A few years ago, Harvard psychiatric instructor Kenneth Levin wrote
"The Oslo Syndrome: Delusions of a People Under Siege." In this
illuminating book, Levin examines the Israeli experience of
concessionary negotiations with a "peace partner" openly dedicated to
Israel's destruction. He also examines the historical Jewish Diaspora
experience in which Jewish populations typically identified with their
tormentors and even echoed their antisemitism.
Such interactions are driven by a permanent condition of siege
mentality, Levin explains, and clearly manifest two kinds of delusional
thinking.
First, there is the fantasy about the intentions of the aggressor (Arab
Muslim or European Christian); then, there is the fantasy about
changing the aggressor's intentions. Such thinking, Levin says, is
common to victims of chronic abuse, particularly children. They fool
themselves into thinking that they, the victims, control the abuser by
linking the abuse they suffer to their own behavior.
In other words, they believe they cause their own abuse. This mind
game, Levin says, actually gives victims a sense of control over
situations beyond their control (an abusive parent, for instance). This
allows them to avoid feelings of helplessness and despair.
And so the besieged victim pretends: Daddy doesn't really want to hurt
me; if I'm a better girl, he'll stop. Israel pretends: Muslims don't
really want to destroy our state, and so we'll give them land for
peace. Jews in pre-Nazi Europe pretended: The anti-Semites are really
right; we deserve a pogrom. Intriguingly, Levin writes:
"But the book's themes have a still broader relevance.

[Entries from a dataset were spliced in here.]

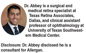 This study suggests that topical dorzolamide-timolol may be an easily administered and effective topical adjuvant therapy for recalcitrant neovascular AMD. Larger, controlled studies will be useful to validate these intriguing findings. The authors had no relevant disclosures.4441;Poster #A0346
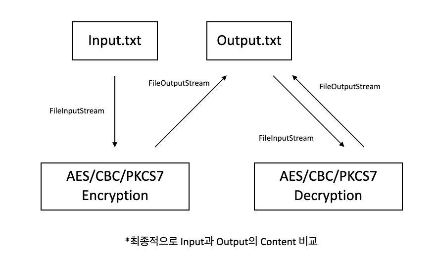 프로그램은 Input의 파일을 FileInputStream을 통해 읽어들이고, Encryption 후에 FileOutputStream으로 Output.txt파일을 만들어줍니다. 이후, 다시 파일을 읽어들여서 Decryption하고 결과값을 기존 PlainText와 동일한지 비교합니다.
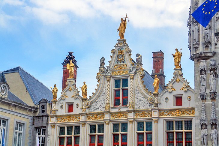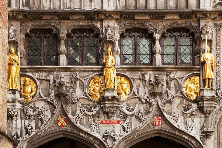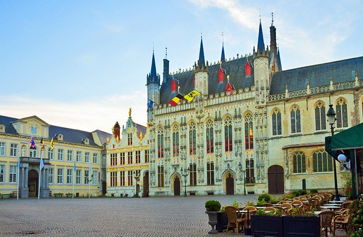 부르고뉴 동남쪽에는 벨기에에서 가장 오래된 건물 중 하나인 브루게스 타운홀(Stadhuis)이 1376년에서 1420년 사이에 건설되었습니다. 섬세한 고딕 양식의 건물 전면은 높이 솟은 필러스터로, 그 중 3개는 팔각형의 포탑으로 되어 있고, 높은 고딕 아치창으로 구분되어 있습니다.
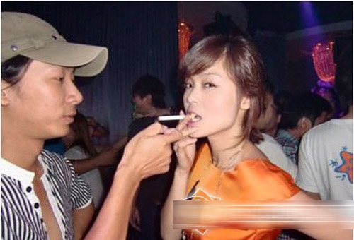 Người mẫu với vẻ "trong sáng" Tuyết Ngọc lại vô tư cầm điều thuốc tạo dáng.
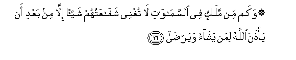 26. Wakam min malakin fee alssamawati la tughnee shafaAAatuhum shay-an illa min baAAdi an ya/thana Allahu liman yashao wayarda
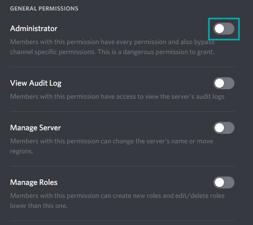 - Назовите роль как угодно, назначьте цвет для этой роли, чтобы отличать ее внешний вид от других, а затем перейдите к настройкам роли и общим разрешениям. После того, как роль была создана, вы можете назначить определенные серверные разрешения для этой роли, выключив или включив переключатели для каждого указанного разрешения. Самым первым параметром в разделе «Общие разрешения» должно быть разрешение администратора. Включите это, чтобы дать себе роль, близкую к идентичным.
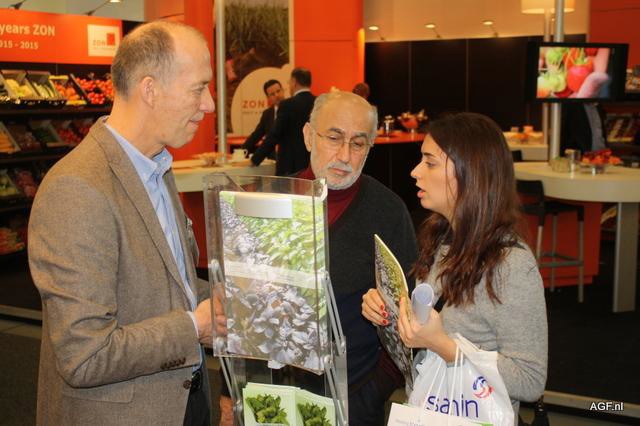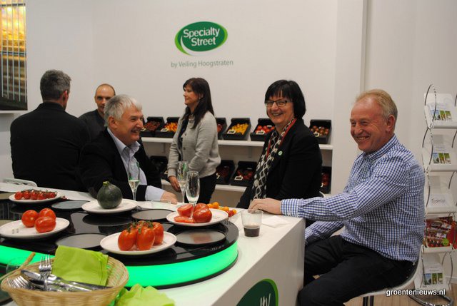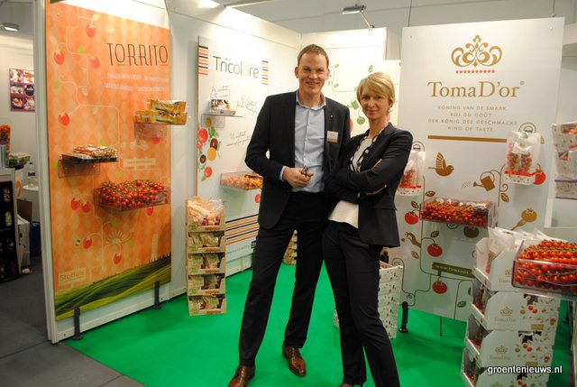 Voor het eerst zelfstandig op de beurs. Petra Veldman en Paul Stoffels van Stoffels Tomaten startten dit jaar met de eigen afzet. Gezien het vele bezoek op de stand is er veel belangstelling voor.
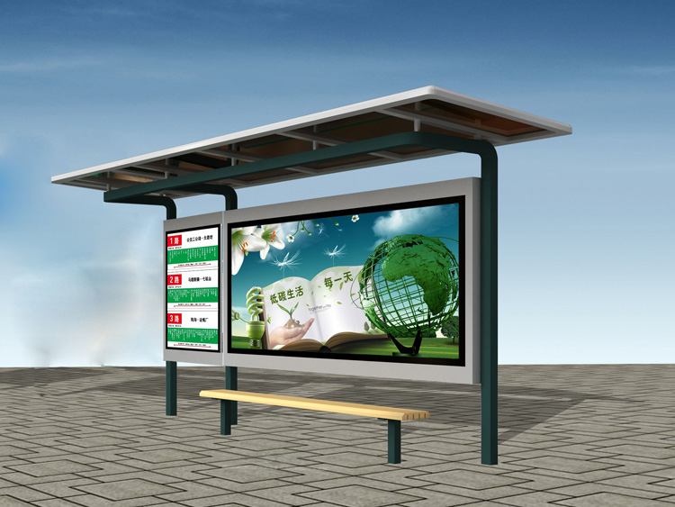 公交車候車亭一般是與公交站牌相配套的,為方便公交乘客候車時遮陽、防雨等,在車站、道路兩旁或綠化帶的港灣式公交?空旧辖ㄔO的交通設施。由于城市公交的日益發達,候車亭已發展成為城市一個不可或缺的重要組成部分,設計精美的候車亭也成為了城市一道美麗的風景。 一般候車亭棚體主要頂棚、立柱、頂弓、廣告燈箱和坐凳組成,也有用隔板來代替廣告燈箱的。

Even ostensibly
powerful and secure populations, under conditions that entail ongoing
threat and vulnerability, can manifest similar trends."

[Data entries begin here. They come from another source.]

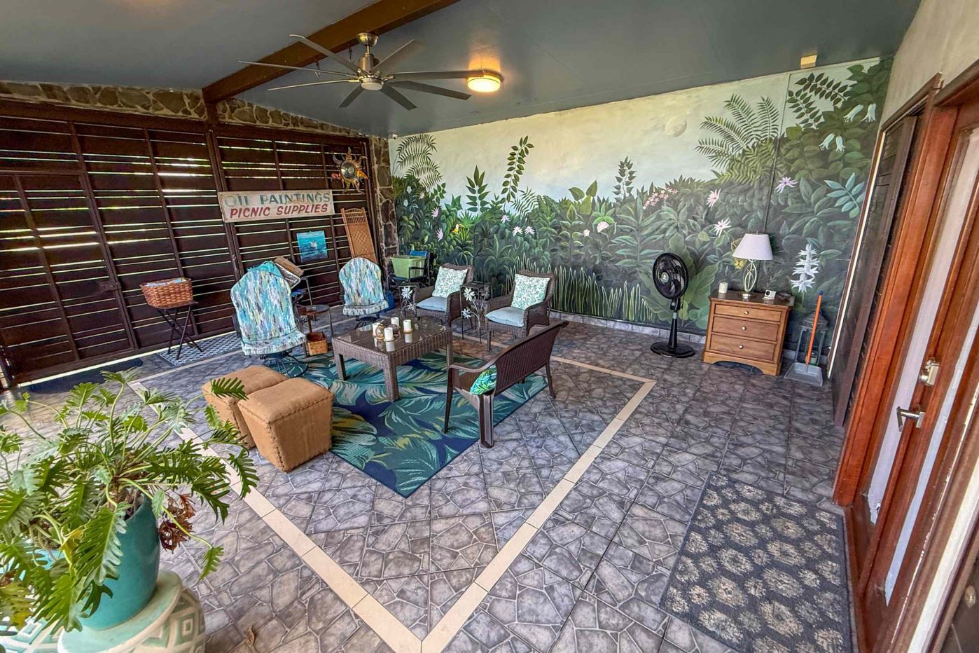 · The Rancho: A massive, screened-in rancho features a custom mural and an oversized fan, providing a bug-free environment to lounge and entertain in total comfort. It also includes a couple of large closets for storing tools and other items.
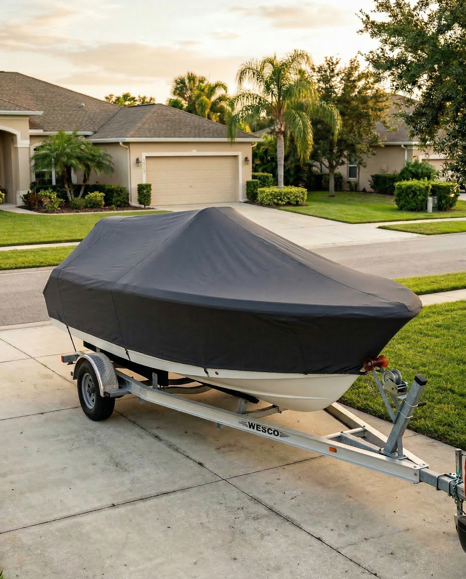 We offer two primary options: 9 oz solution-dyed polyester and Sunbrella acrylic. The 9 oz polyester is our most popular choice — heavy enough to resist tearing and abrasion, breathable enough to prevent trapped moisture and mildew, and the solution-dyed process locks color into each fiber so it will not fade or transfer to your gelcoat. Sunbrella offers the highest UV resistance and color retention available, ideal for boats stored in direct sunlight year-round or in harsh saltwater environments. Both fabrics are treated with water-repellent and mildew-resistant finishes.
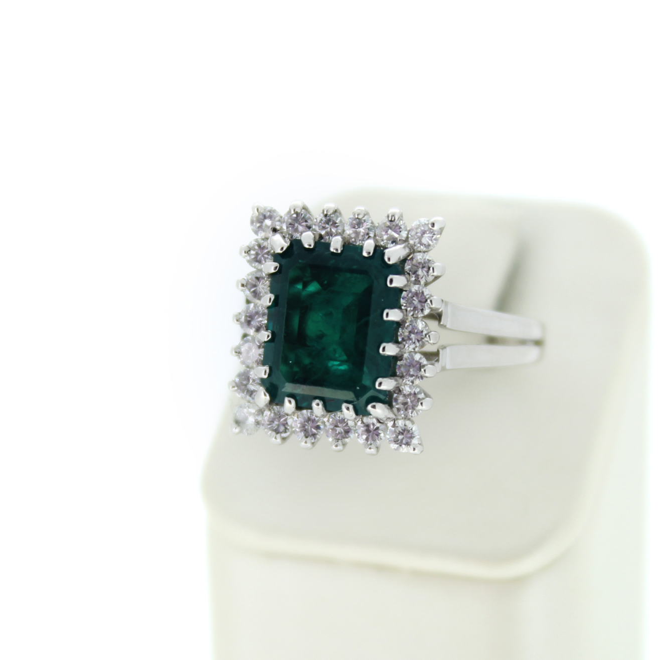 Pré-Owned Ring in 18 Karaat Witgoud met Smaragd en Zirconium

I got a new one for the doctor: a trend of delusion so enormous as to
beg for immediate hospitalization and a transfer of power of attorney.
Problem is, the patient here is the United States government (USG),
which now says: If we just stop talking about jihad, Muslims will
neither become jihadis nor sympathize with them.

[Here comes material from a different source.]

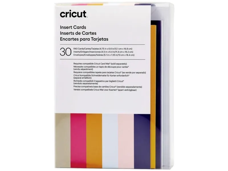Quick, personalized greeting cards with big impact are at your fingertips with Cricut Insert Cards. Cut intricate and meaningful words and images into the face of the card to let the beautiful insert color show through. The ingenious glue-free design allows for two-tone, depth-filled cards without mess or hassle. This sampler includes cards in a trio of colors, complimentary inserts, and white envelopes - an exciting assortment to please every card recipient on your list!

Such is the message of a crazy new government guide called "Words that
Work and Words that Don't" urging federal agencies, including the
Department of Homeland Security, to eliminate all references to Islam
when discussing, well, Islamic terrorism.
Not only does that mean no more talk of "Islam," it also means no more
talk of "jihad." ("Extremism" is the new "jihad.") And forget about the
"caliphate." (Try "global totalitarian state.") Even such politically
correct terms as "Islamist" and "Islamofascist," which take the
traditional teachings of Islam off the hook, are now verboten. And so,
more curiously, is the term "Muslim moderate." Says the government:
"The term `moderate' has become offensive to many Muslims, who believe
that it refers to individuals whom the USG prefers to deal with, and
who are only marginally religious."
So "moderates" don't want to look like patsies next to "jihadists," and
the USG doesn't want to be insensitive to their needs. Sounds like a
rest cure for Uncle Sam is long overdue.
Of course, the no-Islam (no-"moderate") lexicon itself -- which reads
like disinformation designed to confuse the American public -- is just
scratching the delusional surface. Animating the directive, written
with considerable input from unidentified American Muslim "experts," is
the delusional belief that what we say (or don't say) has
transformative power over Muslim attitudes and behaviors regarding
Islamic terrorism, the Islamic caliphate, the advance of Islamic law
(Sharia) and the so-called war on (Islamic) terror -- rebranded here,
no kidding, as "A Global Struggle for Security and Progress."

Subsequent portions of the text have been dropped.